About this task: Look through the material below. Return exactly the lines from the one with "928×1664px の解像度で提供しています。 個人利用・商用利用ともに無料でダウンロード可能で、クレジット表記も不要です。" through the one with "Tischdekoration aus dekorierter", both included.
*** Block opens ***
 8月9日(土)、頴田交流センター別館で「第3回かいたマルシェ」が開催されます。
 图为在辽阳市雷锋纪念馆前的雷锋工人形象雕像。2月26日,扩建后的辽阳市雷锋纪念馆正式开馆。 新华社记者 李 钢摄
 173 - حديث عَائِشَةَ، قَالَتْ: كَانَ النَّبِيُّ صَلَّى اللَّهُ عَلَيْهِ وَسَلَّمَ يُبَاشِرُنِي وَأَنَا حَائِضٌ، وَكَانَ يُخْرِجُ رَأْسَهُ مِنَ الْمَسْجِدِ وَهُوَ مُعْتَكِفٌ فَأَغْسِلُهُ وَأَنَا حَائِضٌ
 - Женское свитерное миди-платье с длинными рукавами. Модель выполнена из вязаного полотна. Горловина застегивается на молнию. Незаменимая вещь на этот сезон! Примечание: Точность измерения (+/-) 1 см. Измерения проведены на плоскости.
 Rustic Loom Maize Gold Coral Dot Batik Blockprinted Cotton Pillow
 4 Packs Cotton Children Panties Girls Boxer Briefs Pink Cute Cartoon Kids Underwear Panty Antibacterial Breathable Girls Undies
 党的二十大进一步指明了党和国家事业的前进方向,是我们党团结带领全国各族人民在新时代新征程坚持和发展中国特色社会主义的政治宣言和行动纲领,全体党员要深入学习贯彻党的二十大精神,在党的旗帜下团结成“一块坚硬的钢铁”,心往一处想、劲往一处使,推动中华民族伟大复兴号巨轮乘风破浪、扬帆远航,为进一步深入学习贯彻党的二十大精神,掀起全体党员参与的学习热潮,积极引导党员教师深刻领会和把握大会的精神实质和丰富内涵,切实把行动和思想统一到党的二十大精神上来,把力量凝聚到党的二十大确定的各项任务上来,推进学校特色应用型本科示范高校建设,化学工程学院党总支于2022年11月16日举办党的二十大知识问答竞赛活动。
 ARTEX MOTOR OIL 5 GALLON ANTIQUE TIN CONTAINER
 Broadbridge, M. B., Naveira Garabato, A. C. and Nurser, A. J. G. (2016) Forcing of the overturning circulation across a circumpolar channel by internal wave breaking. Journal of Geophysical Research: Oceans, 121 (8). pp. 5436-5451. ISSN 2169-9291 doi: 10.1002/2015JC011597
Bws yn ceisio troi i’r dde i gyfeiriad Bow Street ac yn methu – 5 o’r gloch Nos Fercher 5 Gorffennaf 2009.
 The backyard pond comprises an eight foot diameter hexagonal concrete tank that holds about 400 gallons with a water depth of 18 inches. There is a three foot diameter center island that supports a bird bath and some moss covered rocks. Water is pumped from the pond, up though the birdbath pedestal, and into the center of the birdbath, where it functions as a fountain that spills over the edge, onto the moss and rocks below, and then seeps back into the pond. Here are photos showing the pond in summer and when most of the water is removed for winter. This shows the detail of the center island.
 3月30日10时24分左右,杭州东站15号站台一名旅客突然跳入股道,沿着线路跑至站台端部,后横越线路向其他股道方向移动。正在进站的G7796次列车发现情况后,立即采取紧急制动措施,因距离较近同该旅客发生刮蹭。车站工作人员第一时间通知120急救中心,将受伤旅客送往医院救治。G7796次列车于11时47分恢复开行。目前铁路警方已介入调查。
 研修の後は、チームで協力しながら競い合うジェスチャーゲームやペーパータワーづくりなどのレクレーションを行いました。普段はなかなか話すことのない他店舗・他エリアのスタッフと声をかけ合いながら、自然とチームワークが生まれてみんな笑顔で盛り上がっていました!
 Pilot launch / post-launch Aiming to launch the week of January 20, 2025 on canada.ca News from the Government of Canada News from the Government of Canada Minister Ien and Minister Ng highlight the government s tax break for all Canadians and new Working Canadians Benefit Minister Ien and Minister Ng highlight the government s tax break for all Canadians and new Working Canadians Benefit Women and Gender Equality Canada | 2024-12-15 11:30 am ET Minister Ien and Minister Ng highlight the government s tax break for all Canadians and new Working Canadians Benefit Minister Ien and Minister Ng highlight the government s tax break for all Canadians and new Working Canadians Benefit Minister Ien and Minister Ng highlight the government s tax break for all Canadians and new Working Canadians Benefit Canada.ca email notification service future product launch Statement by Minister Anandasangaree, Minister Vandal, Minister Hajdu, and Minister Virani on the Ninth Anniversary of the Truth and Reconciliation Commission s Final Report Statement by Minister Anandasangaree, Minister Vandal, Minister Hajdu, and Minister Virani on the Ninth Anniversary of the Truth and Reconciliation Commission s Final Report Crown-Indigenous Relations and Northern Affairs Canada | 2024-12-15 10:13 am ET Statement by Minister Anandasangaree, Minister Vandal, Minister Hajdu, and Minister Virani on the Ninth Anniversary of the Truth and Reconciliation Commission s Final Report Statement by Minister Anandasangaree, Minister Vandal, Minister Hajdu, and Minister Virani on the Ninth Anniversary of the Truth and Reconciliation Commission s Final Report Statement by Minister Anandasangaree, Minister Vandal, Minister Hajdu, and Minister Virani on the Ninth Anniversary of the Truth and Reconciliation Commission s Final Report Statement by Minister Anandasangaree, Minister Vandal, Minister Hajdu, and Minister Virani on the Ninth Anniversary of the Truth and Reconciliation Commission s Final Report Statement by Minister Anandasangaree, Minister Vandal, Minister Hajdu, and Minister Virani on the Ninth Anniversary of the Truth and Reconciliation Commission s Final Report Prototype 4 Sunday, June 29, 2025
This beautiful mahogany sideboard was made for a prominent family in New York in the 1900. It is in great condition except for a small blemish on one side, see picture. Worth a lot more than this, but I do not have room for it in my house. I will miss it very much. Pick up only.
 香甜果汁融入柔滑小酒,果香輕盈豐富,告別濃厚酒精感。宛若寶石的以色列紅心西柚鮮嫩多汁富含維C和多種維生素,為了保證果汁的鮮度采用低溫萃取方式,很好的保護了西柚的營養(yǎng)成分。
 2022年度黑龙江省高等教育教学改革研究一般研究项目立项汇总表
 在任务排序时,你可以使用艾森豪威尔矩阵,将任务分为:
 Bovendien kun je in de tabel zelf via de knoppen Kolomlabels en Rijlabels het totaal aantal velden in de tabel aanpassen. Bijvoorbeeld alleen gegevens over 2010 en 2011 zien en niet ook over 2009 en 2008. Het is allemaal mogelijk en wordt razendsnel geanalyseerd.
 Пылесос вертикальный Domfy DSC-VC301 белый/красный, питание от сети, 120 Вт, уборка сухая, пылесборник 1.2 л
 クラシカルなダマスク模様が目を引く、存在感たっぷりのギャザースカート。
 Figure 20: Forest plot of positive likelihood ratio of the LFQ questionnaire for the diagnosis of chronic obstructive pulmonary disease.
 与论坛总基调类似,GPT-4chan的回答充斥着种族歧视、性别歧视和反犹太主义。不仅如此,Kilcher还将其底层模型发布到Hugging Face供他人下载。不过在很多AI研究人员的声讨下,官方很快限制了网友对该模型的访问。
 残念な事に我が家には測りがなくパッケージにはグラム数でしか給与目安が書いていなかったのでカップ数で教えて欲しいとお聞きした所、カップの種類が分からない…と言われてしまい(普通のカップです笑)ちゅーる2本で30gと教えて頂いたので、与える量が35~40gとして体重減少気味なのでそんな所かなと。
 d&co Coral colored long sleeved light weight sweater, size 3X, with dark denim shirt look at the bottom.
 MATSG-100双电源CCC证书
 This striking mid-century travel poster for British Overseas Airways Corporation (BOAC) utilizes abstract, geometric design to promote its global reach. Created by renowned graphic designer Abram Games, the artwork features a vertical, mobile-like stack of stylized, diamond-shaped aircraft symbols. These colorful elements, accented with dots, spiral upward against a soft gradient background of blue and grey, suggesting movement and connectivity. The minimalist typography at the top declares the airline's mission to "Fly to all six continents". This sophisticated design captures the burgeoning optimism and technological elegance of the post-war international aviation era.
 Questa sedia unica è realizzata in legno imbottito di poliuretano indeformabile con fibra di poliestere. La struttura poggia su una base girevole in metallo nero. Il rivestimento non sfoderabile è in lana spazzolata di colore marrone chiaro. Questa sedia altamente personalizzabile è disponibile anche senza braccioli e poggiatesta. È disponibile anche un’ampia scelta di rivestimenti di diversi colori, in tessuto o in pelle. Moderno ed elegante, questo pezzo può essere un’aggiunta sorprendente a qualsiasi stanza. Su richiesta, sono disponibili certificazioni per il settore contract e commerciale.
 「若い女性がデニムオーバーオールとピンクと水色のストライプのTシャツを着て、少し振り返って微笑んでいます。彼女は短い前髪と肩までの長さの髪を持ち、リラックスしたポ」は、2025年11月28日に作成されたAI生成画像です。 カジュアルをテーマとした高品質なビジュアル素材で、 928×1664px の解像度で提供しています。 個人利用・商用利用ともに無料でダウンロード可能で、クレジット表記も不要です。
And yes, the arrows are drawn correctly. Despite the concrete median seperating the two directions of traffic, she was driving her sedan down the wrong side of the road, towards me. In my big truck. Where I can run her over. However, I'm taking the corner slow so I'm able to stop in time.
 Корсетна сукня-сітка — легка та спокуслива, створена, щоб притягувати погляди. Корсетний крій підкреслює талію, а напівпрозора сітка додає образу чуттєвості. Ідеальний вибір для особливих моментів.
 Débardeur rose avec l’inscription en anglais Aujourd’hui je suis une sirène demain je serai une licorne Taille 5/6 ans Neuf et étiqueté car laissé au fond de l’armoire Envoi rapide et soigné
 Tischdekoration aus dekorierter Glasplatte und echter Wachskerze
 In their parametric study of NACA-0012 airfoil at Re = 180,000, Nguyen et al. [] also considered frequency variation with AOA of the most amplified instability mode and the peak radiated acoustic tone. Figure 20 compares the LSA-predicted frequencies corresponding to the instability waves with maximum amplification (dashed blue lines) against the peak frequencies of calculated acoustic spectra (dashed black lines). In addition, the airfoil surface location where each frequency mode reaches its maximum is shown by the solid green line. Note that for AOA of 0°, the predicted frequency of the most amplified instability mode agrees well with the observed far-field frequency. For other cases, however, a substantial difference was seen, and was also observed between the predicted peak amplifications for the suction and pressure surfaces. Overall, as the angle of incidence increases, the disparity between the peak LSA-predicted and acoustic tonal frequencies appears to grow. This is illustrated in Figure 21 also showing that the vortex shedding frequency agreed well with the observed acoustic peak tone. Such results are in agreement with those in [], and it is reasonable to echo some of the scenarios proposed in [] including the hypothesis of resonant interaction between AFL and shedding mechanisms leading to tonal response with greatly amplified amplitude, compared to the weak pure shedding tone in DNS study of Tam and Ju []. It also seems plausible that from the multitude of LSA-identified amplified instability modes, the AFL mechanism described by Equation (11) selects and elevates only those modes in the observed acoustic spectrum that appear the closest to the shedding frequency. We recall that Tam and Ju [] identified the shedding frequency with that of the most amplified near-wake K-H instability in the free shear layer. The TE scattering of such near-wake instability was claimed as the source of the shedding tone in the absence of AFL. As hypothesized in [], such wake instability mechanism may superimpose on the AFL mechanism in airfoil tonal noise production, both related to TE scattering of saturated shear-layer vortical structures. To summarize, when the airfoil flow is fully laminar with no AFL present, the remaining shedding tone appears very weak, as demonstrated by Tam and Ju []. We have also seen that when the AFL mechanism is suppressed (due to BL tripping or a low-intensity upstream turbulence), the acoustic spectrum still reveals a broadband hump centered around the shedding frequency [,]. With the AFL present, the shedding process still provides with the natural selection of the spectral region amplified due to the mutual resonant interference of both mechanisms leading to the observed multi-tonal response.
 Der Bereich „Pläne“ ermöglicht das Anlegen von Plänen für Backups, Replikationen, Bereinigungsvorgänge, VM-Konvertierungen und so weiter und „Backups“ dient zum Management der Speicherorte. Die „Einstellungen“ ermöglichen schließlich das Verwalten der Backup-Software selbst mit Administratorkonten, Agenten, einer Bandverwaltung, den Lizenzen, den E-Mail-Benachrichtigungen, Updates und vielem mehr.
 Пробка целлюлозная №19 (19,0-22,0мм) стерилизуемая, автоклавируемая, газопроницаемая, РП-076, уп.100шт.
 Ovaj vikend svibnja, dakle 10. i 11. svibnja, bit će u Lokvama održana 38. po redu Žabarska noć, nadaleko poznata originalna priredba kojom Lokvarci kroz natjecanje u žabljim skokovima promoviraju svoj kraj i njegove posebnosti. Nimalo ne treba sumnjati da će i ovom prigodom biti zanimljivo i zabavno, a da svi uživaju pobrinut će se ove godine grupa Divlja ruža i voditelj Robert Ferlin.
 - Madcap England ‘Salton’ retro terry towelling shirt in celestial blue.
*** Block closes ***
Reply:
 「若い女性がデニムオーバーオールとピンクと水色のストライプのTシャツを着て、少し振り返って微笑んでいます。彼女は短い前髪と肩までの長さの髪を持ち、リラックスしたポ」は、2025年11月28日に作成されたAI生成画像です。 カジュアルをテーマとした高品質なビジュアル素材で、 928×1664px の解像度で提供しています。 個人利用・商用利用ともに無料でダウンロード可能で、クレジット表記も不要です。
And yes, the arrows are drawn correctly. Despite the concrete median seperating the two directions of traffic, she was driving her sedan down the wrong side of the road, towards me. In my big truck. Where I can run her over. However, I'm taking the corner slow so I'm able to stop in time.
 Корсетна сукня-сітка — легка та спокуслива, створена, щоб притягувати погляди. Корсетний крій підкреслює талію, а напівпрозора сітка додає образу чуттєвості. Ідеальний вибір для особливих моментів.
 Débardeur rose avec l’inscription en anglais Aujourd’hui je suis une sirène demain je serai une licorne Taille 5/6 ans Neuf et étiqueté car laissé au fond de l’armoire Envoi rapide et soigné
 Tischdekoration aus dekorierter Glasplatte und echter Wachskerze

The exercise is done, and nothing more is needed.